• [WORK REQUIRED] Without any of its pictures, the listing below should be output exactly.

#### SOURCE DATA

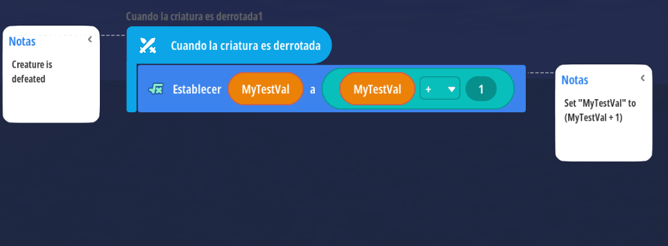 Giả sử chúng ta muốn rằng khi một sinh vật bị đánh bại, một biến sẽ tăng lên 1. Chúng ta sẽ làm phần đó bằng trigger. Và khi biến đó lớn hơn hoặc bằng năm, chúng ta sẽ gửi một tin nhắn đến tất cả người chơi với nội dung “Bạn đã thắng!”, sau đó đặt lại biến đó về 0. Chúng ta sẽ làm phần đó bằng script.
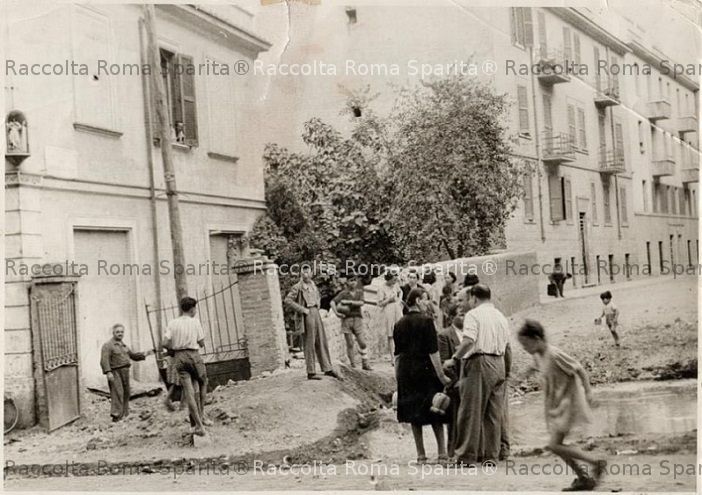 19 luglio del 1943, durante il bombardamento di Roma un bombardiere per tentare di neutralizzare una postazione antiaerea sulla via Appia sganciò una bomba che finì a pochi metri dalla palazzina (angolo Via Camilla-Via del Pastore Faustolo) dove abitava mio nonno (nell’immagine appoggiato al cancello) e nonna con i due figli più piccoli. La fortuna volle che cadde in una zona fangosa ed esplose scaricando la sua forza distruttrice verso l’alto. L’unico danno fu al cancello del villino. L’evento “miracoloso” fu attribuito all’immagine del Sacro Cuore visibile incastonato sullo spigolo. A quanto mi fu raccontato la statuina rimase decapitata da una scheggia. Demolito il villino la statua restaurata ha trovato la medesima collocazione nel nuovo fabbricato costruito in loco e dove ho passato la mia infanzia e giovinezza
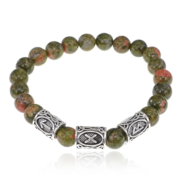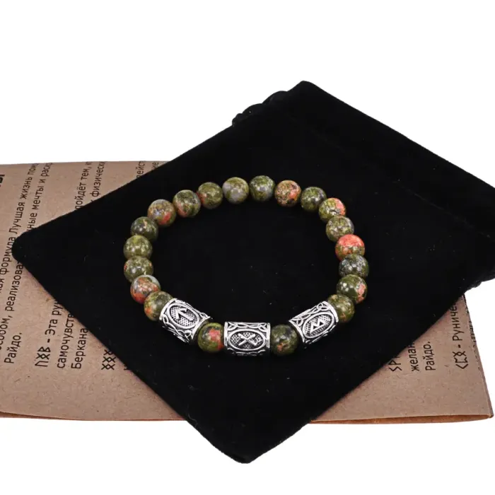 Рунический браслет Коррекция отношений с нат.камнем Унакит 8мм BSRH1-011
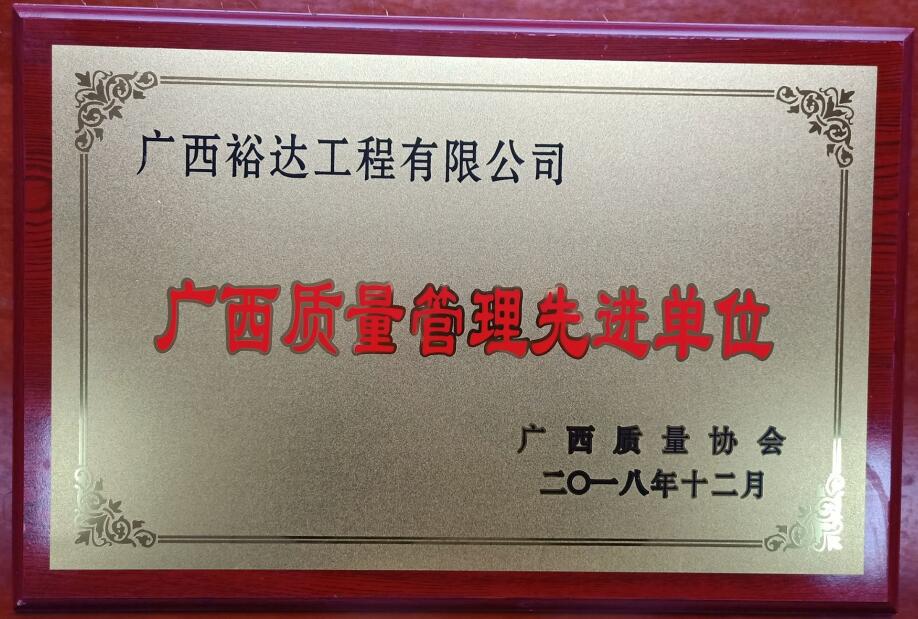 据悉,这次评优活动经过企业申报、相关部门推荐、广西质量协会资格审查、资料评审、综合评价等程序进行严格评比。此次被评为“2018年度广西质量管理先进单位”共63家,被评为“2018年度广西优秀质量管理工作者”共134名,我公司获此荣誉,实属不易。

########

• [SOLUTION]
 Giả sử chúng ta muốn rằng khi một sinh vật bị đánh bại, một biến sẽ tăng lên 1. Chúng ta sẽ làm phần đó bằng trigger. Và khi biến đó lớn hơn hoặc bằng năm, chúng ta sẽ gửi một tin nhắn đến tất cả người chơi với nội dung “Bạn đã thắng!”, sau đó đặt lại biến đó về 0. Chúng ta sẽ làm phần đó bằng script.
 19 luglio del 1943, durante il bombardamento di Roma un bombardiere per tentare di neutralizzare una postazione antiaerea sulla via Appia sganciò una bomba che finì a pochi metri dalla palazzina (angolo Via Camilla-Via del Pastore Faustolo) dove abitava mio nonno (nell’immagine appoggiato al cancello) e nonna con i due figli più piccoli. La fortuna volle che cadde in una zona fangosa ed esplose scaricando la sua forza distruttrice verso l’alto. L’unico danno fu al cancello del villino. L’evento “miracoloso” fu attribuito all’immagine del Sacro Cuore visibile incastonato sullo spigolo. A quanto mi fu raccontato la statuina rimase decapitata da una scheggia. Demolito il villino la statua restaurata ha trovato la medesima collocazione nel nuovo fabbricato costruito in loco e dove ho passato la mia infanzia e giovinezza
 Рунический браслет Коррекция отношений с нат.камнем Унакит 8мм BSRH1-011
 据悉,这次评优活动经过企业申报、相关部门推荐、广西质量协会资格审查、资料评审、综合评价等程序进行严格评比。此次被评为“2018年度广西质量管理先进单位”共63家,被评为“2018年度广西优秀质量管理工作者”共134名,我公司获此荣誉,实属不易。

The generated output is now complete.